1. News and resources
  2. COVID-19
  3. Hardship withdrawals a last resort – Rob Everett

Hardship withdrawals a last resort – Rob Everett

Page last updated: 30 Mar 2020

FMA CEO talks to Radio New Zealand

First published by Radio New Zealand on 30 March 2020.

The country's financial markets watchdog is concerned about a spike in people making hardship withdrawals from their KiwiSaver accounts during the Covid-19 outbreak.

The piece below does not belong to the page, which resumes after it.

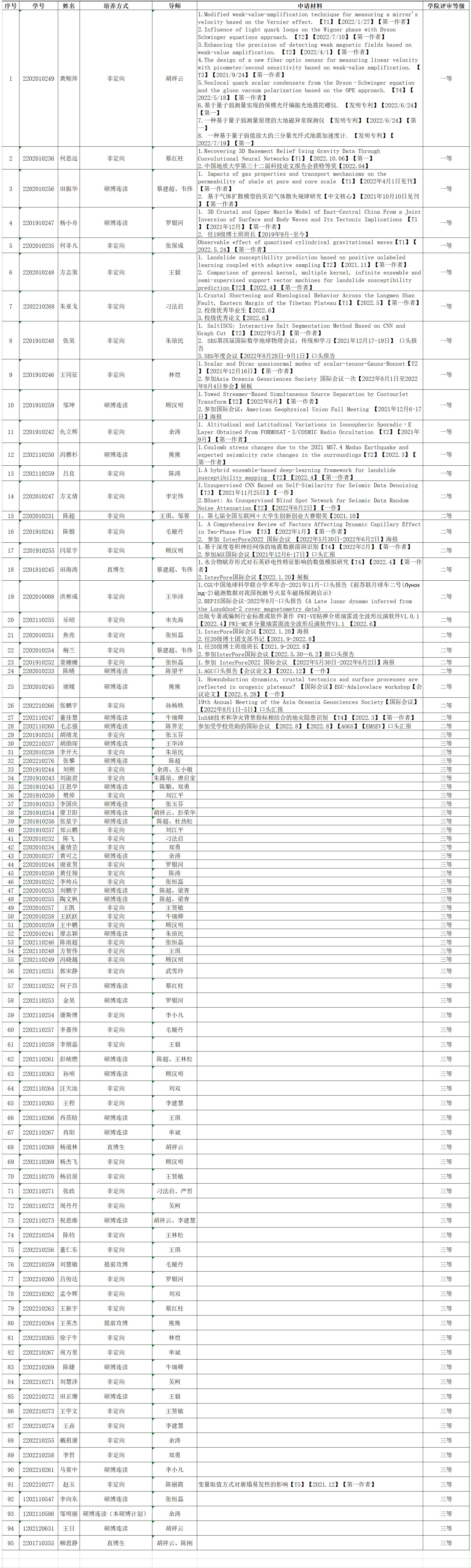2022-2023年度博士研究生奖助学金推荐名单进行公示:

Financial Markets Authority Chief Executive Rob Everett is urging savers to stay the course during what he called "a period of market destruction that we haven't seen since KiwiSaver got set up".

He said people should try to make use of government assistance on offer and only use hardship withdrawals as an absolute last resort.

He said people should try to remember taking the money out now was reducing what was supposed to be set aside for their retirement.

Everett said the FMA was also seeing people switching between investment funds - in some cases multiple times - as they watched account balances plunge.

For most people it was best to ride out market volatility by leaving funds as they were, he said.

"Trying to play the market and time when you come in and out of these sorts of investments - that's an incredibly difficult thing to do and the smarter advice will be leave it to the manager to whom you pay fees to do that on your behalf."

Everett said often the best advice was to "stay the course" rather than to switch to a more conservative fund during a period of high volatility.

"When you switch from one fund to another, they have to sell all the assets against your name in the first one in order to invest in the second one and you end up just crystallising your loss, you end up basically banking your loss in those particular assets."

The FMA is also reacting to the COVID-19 pandemic by changing priorities to concentrate on scams, especially given most people were working from home and may not have access to their usual support networks.

He warned any perpetrators that the courts were open and the FMA was on high alert.

"It sometimes feels a bit like whack-a-mole but we are prioritising some of our resources away from slower, longer burning investigations to be able to respond to anything that comes through the door at this point. That's what we've been thinking through in the last week or two."